3DSur is a program for plotting surfaces of 2 variables z = f(x,y).
There are some already built in functions, you can see the program
plot these functions by changing different parameters or you can
enter your own function. Be careful that the function must by defined
every where on the rectangular region that you want to plot.
Requirements: IBM XT, AT or compatibles
128K RAM and CGA.
You can always back up one level by pressing ESC key at any time
(or almost). When the program ask if you want to print or to save
the program and you answered yes but then you change your mind, you
can always enter "quit" for the file name or press ESC for the print
mode to get out.
There are several mode of plotting a function, here are a brief
description for each of them. (For more details, you have to try out
H,D,N: Hidden line removal, means the part that is not visible will
not be visible on the screen. They are different algorithms.
H: My own algorithm, it plots from far to near and erase in between
D: An algorithm already exits, however I did enhance it by adding the
cross section plotting.
N: The previous algorithms as it is, implemented in Pascal. (see ref)

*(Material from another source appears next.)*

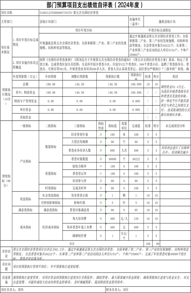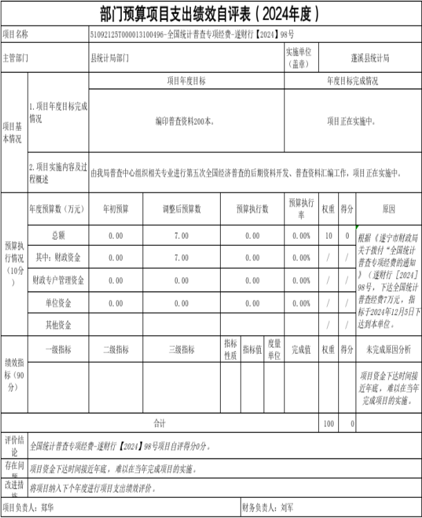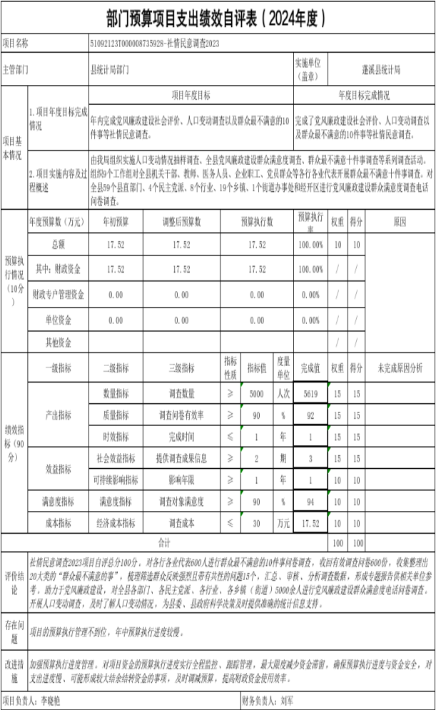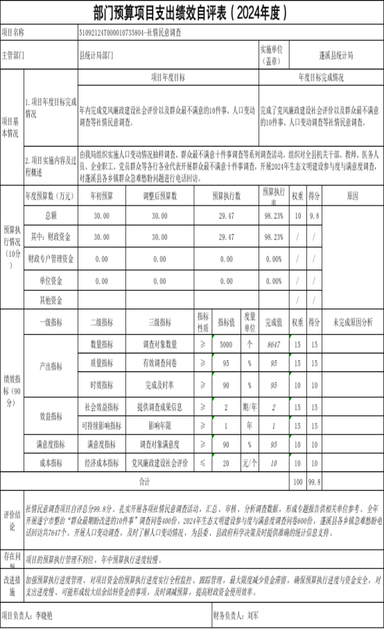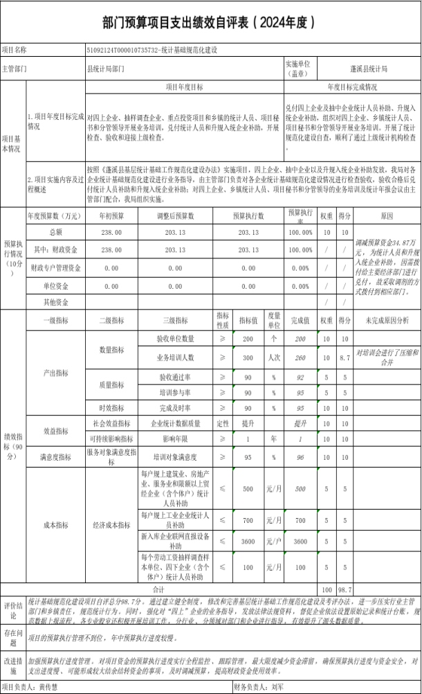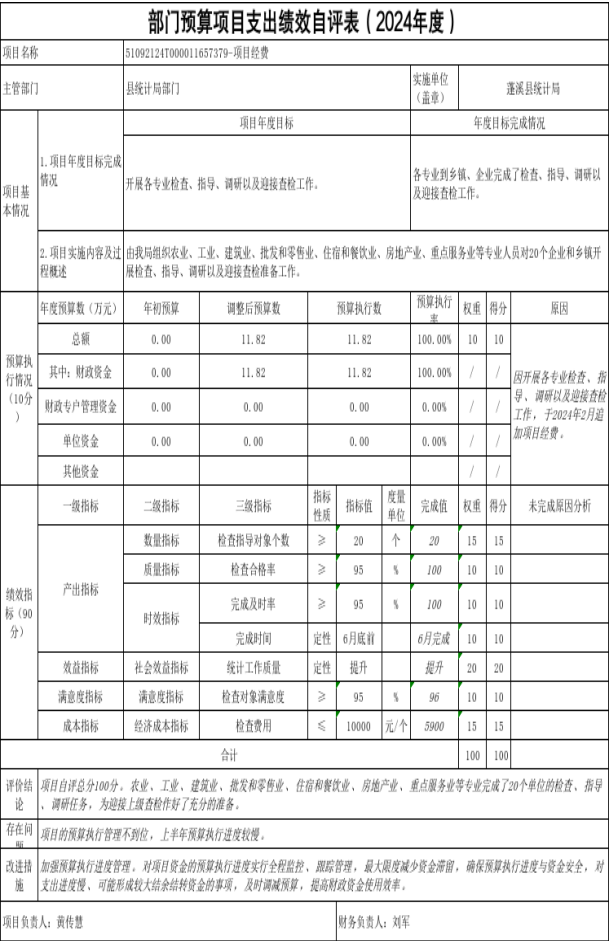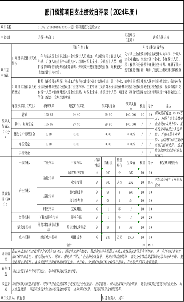 组织对2024年度一般公共预算、政府性基金预算、国有资本经营预算、社会保险基金预算以及资本资产、债券资金等全面开展绩效自评,形成蓬溪县统计局部门整体(含部门预算项目)绩效自评报告,自评得分为88.9分,绩效自评综述:2024年我局及时、优质地完成预算编制,支出管理规范;资金管理制度较为完善,会计核算和账务处理规范,会计资料真实、完整,整体绩效良好。绩效自评报告详见附件。

P: Polar coordinate, use R-Th sections rather than the x-y sections.
F: Fast cartesian coordinate, it is faster than the cartesian method
of plotting, however, you have less control over it, like the
number of points per curve and number of curves per surface, the
program will take the average of these two.
C: Cartesian plotting, it is slower then the previous one, however you
can adjust the number of curves per surfaces in both sections, and
how smooth the curves are.
S: The program will paint the surface, it will simulate the hidden line
one as in 'H'.
None of the hidden line algorithm here is perfect. However, it one
doesn't work, you can try others, later version of this program will
While plotting, you can press the upper or lower arrow keys to change
the colors, if your monitors can recognize the different color signals
you should get 15 colors.
scale_factor: is the number of points to calculate to determine the
rescale the image so that it will fit into the display
area. The larger the scale_factor, the accurate is the
scaling, however if you know the graph does not change
radicaly in the interval, you can set a lower scale factor
to speed things up.
Here are some descriptions about the viewing parameters.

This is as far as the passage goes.